Fernanda Viegas & Martin Wattenberg
Many Eyes
Fernanda Viégas is a research scientist in IBM's Visual Communication Lab where her work focuses on social and collaborative aspects of data visualization. Previous projects explored e-mail archives, newsgroup conversations, chat-room interactions, and the editing history of wiki pages. Her visualization-based artwork has been exhibited in galleries in New York, Los Angeles, and Boston. Viégas holds a Ph.D. from MIT in Media Arts and Sciences.
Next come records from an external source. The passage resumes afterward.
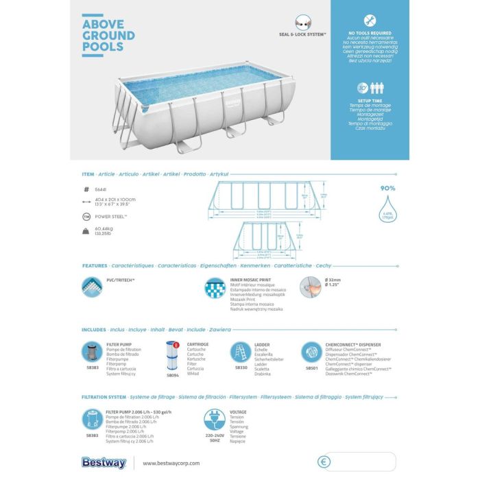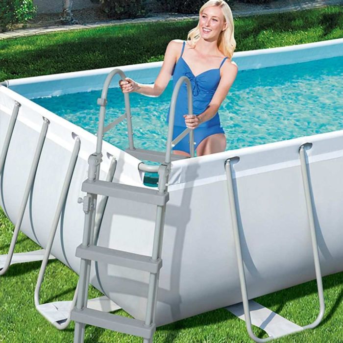 يمنحك حوض الاستحمام المستطيل مساحة رحبة لاستمتاع كل أفراد العائلة خلال فصل الصيف بفضل إطاره الفولاذي المتين المقاوم للصدأ وبطانة Tritech المقاومة للثقب مع مضخة تصفية متكاملة وسلم لضمان تجربة سباحة مريحة وآمنة وسهلة الصيانة
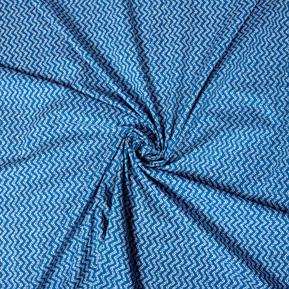 【3個セット】〔1m単位切り売り〕南インドのジグザグ模様 シェブロン・ストライプ布〔約106cm〕 - ブルーです。セットでお得になっています♪
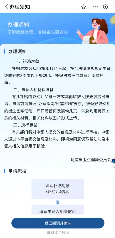 温馨提示:进入【洛阳本地宝】公众号,在聊天框发送【育儿补贴】,即可查看育儿补贴申请指南、申请入口、补贴金额计算器等。
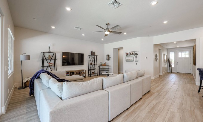 Welcome families, friends, bachelorettes & Barbies! Indulge & unwind in the tranquility of your serene private resort w/BOUGIE amenities galore - extra mirrors, outlets, lighting & seating. 2023 BUILT from scratch, (vs remodeled) this posh Old Town Scottsdale Oasis boasts modern extravagant conveniences, a smart floorplan w/10ft ceilings, THREE high efficiency HVAC units (3 t-stats), an oversized GARAGE & paved driveway parking. Cook w/new high-tech stainless appliances in fully-equipped Chef's entertainment kitchen. Relax on BAJA shelf in the sun or the shade (umbrella sleeve on the shelf) in the heated Pebblesheen (polished stones) April 2023-built pool. BBQ on 30ft shaded patio or hangout playing jumbo Jenga under the jumbo umbrella. Enjoy FOUR spacious bedrooms (TWO opulent MASTER SUITES) & FOUR Bathrooms (3 FULL baths &1 Powder Rm). With 5 bathroom sinks, 3 showers plus a separate tub, several guests can get ready in a jiffy. You will feel like a Hollywood celebrity decking out for a night on the town or that special event. The huge master closet has been converted to a "BARBIE GLAM ROOM" with multiple lights, mirrors, outlets & adjustable height chairs, perfect for the bride & multiple bridesmaids to get ready together. Up to15 guests will sleep comfortably on deluxe mattresses, including one SLEEP number with controls for two guests (master two) & one LUXURY king mattress (master one). Enjoy the convenience of an indoor Washer/Dryer w/laundry sink, allow you to save CA$H, travel lighter, skipping the checked bags. If you are traveling with a toddler or infant, leave the bassinet, crib, changing table & high-chair at home. Babies sleep wonderfully in the (no windows) MASTER closet, with TWO doors. One door connects to the interior laundry room, the other to the master bath. The (optional heat) pool is a welcome retreat promising hours of excitement and leisure. Located in the heart of Old Town Scottsdale, you have quick access to 5-Star eateries, world-famous SPAS, Spring Training baseball, countless Top Golf courses, Barret Jackson, the Phoenix Open, casinos, breweries, ASU, luxury shopping at Fashion Square, Camelview Luxury Theater, Desert Botanical Garden, Phoenix Zoo, Camelback Mountain hospitals, iFly skydiving, Octane Raceway, Tempe Town Lake & more!

Martin Wattenberg, is a research scientist in IBM's Visual Communication Lab, focuses on information visualization and its application to collaborative computing, journalism, and art. Wattenberg's visualization artwork has been exhibited in venues ranging from Ars Electronica to the Whitney Museum of American Art. Wattenberg holds a Ph.D. in mathematics from U.C. Berkeley.
David Weinberger
Everything is Miscellaneous
The Wall Street Journal called him a "marketing guru." He's the co-author of the The Cluetrain Manifesto, the bestseller that cut through the hype and told business what the Web was really about. He's been a frequent commentator on National Public Radio's All Things Considered. He's written for the "Fortune 500" of business and tech journals, including The New York Times, Harvard Business Review, The Miami Herald, The Boston Globe, USA Today, The Guardian, and Wired.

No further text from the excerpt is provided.